[[ DATA SEGMENT, beginning ]]

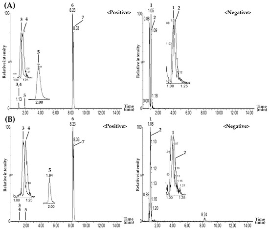 Representative total ion chromatograms of the standard solution (A) and GJD–1 sample (B) using UPLC–MS/MS MRM. Gallic acid (1), morroniside (2), 5-HMF (3), loganin (4), nodakenin (5), decursin (6), and decursinol angelate (7). The concentration of all analytes in the mixed standard solution was 5.00 µg/mL.
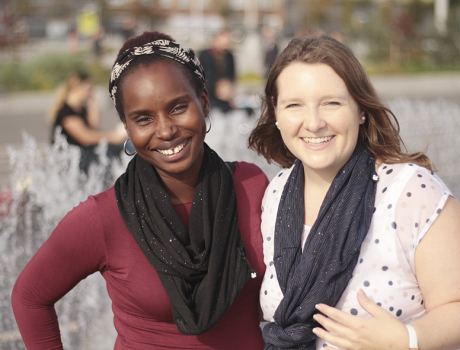 Amanda Rosser (t.h.) iklædt et af de tørklæder hun nu forhandler via sin nyetablerede hjemmeside funcstyle.dk
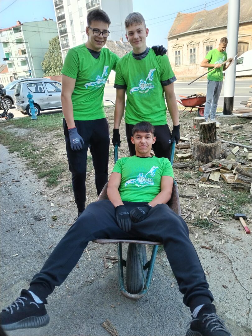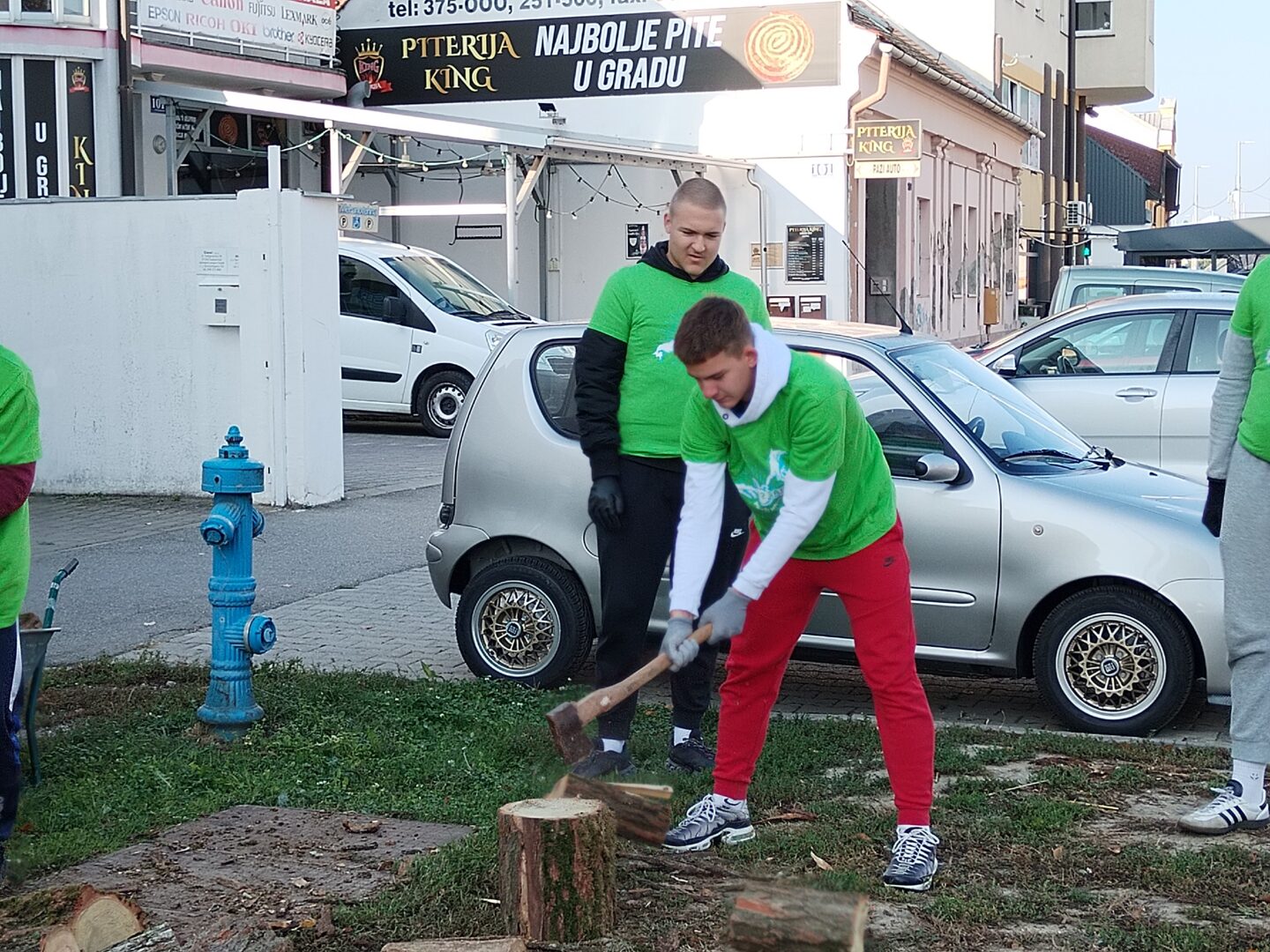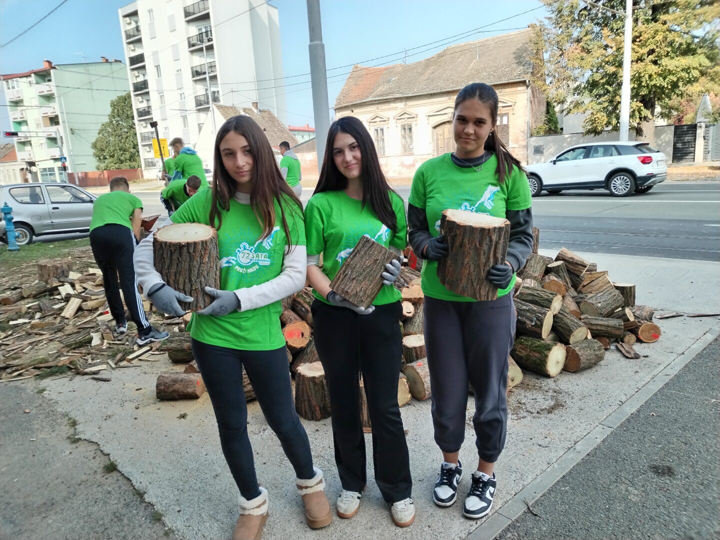 16 volontera naše Škole odabralo je  akciju cijepanja i uvoza drvenog ogrjeva za jednu stariju gospođu, koja to više ne može činiti sama.

[[ DATA SEGMENT, end ]]

> [DESCRIPTION OF THE TASK] Without including any picture, repeat the data exactly.

> [SOLVED PROBLEM]
 Representative total ion chromatograms of the standard solution (A) and GJD–1 sample (B) using UPLC–MS/MS MRM. Gallic acid (1), morroniside (2), 5-HMF (3), loganin (4), nodakenin (5), decursin (6), and decursinol angelate (7). The concentration of all analytes in the mixed standard solution was 5.00 µg/mL.
 Amanda Rosser (t.h.) iklædt et af de tørklæder hun nu forhandler via sin nyetablerede hjemmeside funcstyle.dk
 16 volontera naše Škole odabralo je  akciju cijepanja i uvoza drvenog ogrjeva za jednu stariju gospođu, koja to više ne može činiti sama.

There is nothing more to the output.